Puerto Rico Gov. Pedro Pierluisi said government agencies would close and some gas stations in the country had shut down after running out of fuel, according to officials.
Eight shelters were opened and residents were urged by Puerto Rico’s emergency management commissioner, Nino Correa, to “not wait until the last minute to mobilize.”
The National Hurricane Center (NHC) wrote in a Wednesday Facebook update that the center of Fred was positioned over the Caribbean Sea about 50 miles southeast of Santo Domingo, the Dominican Republic’s capital city.

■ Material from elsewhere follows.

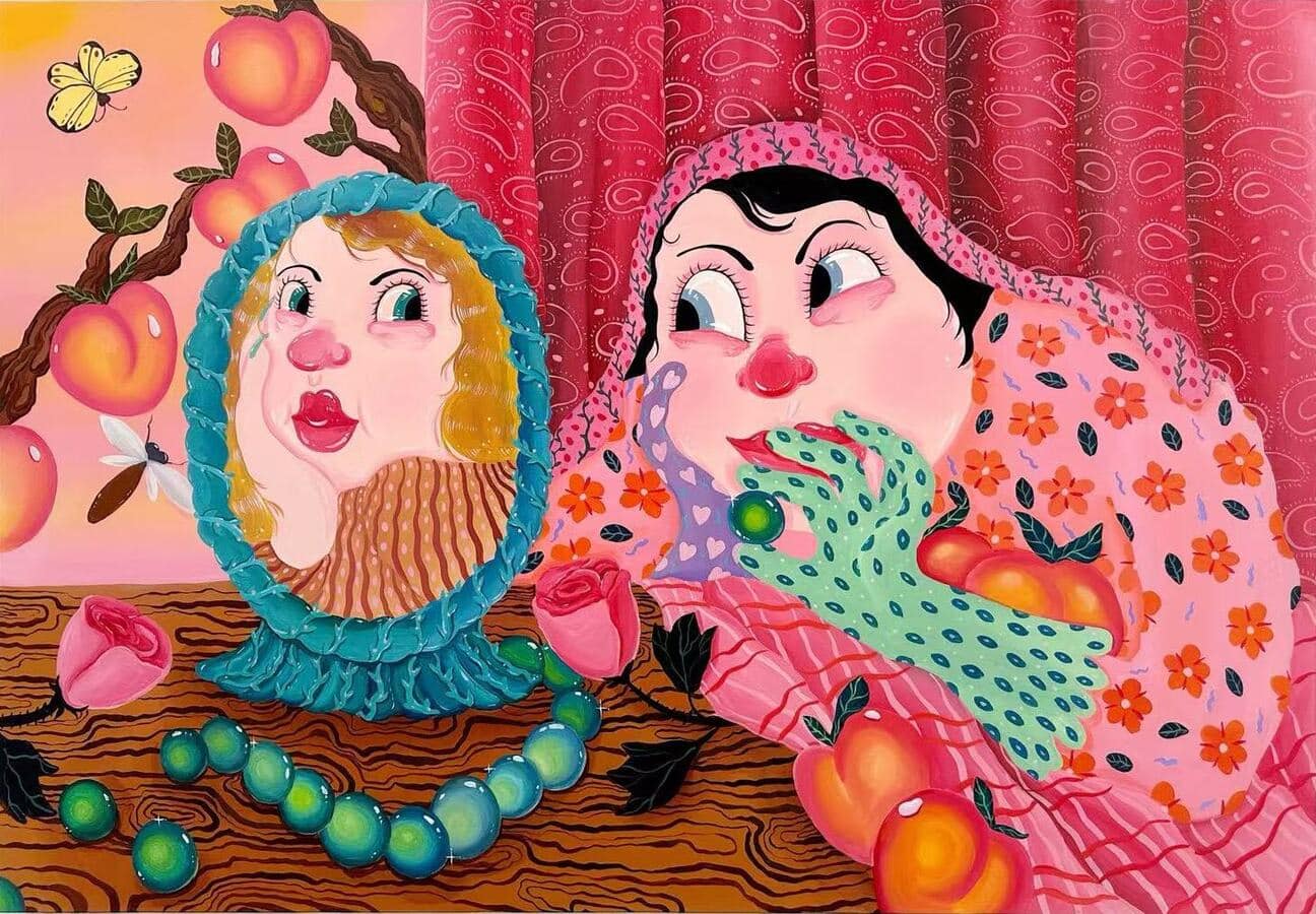 Additional themes include family dysfunction, the performance of happiness, soap opera melodrama, identities, social class anxiety, and the grotesque spectacle of consumer capitalism. Through camp aesthetics and dark humor, Du creates a surreal commentary on urban farce, using vivid colors and flat imagery to mask deeper critiques of impermanence, social conformity, and the psychological toll of rapid modernization. His work resonates with audiences interested in contemporary Asian art, social satire, pop surrealism, gender studies, and cultural commentary on China’s transformation.

The storm was reportedly moving to the west-northwest near 16 mph with maximum sustained winds near 40 mph and tropical-storm-force winds extending outward up to 45 miles from the center.
The city of La Romana in the Dominican Republic recently reported sustained winds of 35 mph.
A general west-northwestward motion is expected to begin later Wednesday and continue for the next few days.
Fred is forecast to be centered over or near Hispaniola later Wednesday, near the Turks and Caicos Islands and the southeastern Bahamas on Thursday and then north of the northern coast of central Cuba on Friday.
The NHC noted that some weakening of the storm is “likely” as Fred “interacts” with Hispaniola and that tropical storm conditions are expected in portions of the Dominican Republic on Wednesday morning and along the northern coast of Haiti, the Turks and Caicos and the southeastern Bahamas later in the day.
“Interests elsewhere” in Haiti, the Bahamas, eastern and central Cuba and Florida were instructed to monitor the progress of the system and updates to the forecast.
“Interests in Florida should also monitor updates to the forecast as there is a risk of wind and rainfall impacts beginning Friday in the Keys and spreading northward through portions of the Peninsula and the Panhandle this weekend. However, it is too soon to determine the exact timing, location and magnitude of any potential impacts,” the agency said.
A tropical storm warning is in effect for the Dominican Republic’s south coast from Punta Palenque eastward and on the north coast from the Dominican Republic and Haiti border eastward.
Additionally, a tropical storm watch is in effect for the Turks and Caicos Islands and the southeast Bahamas.
The storm was expected to produce rainfall of 2 to 4 inches over Puerto Rico and the Dominican Republic with isolated maximum totals of 6 inches.
Haiti, the Turks and Caicos Islands, eastern Bahamas and eastern Cuba were expected to see 1 to 3 inches of rain with isolated maximum totals of 5 inches.
Fred is the sixth named storm of the Atlantic hurricane season.
The Associated Press contributed to this report.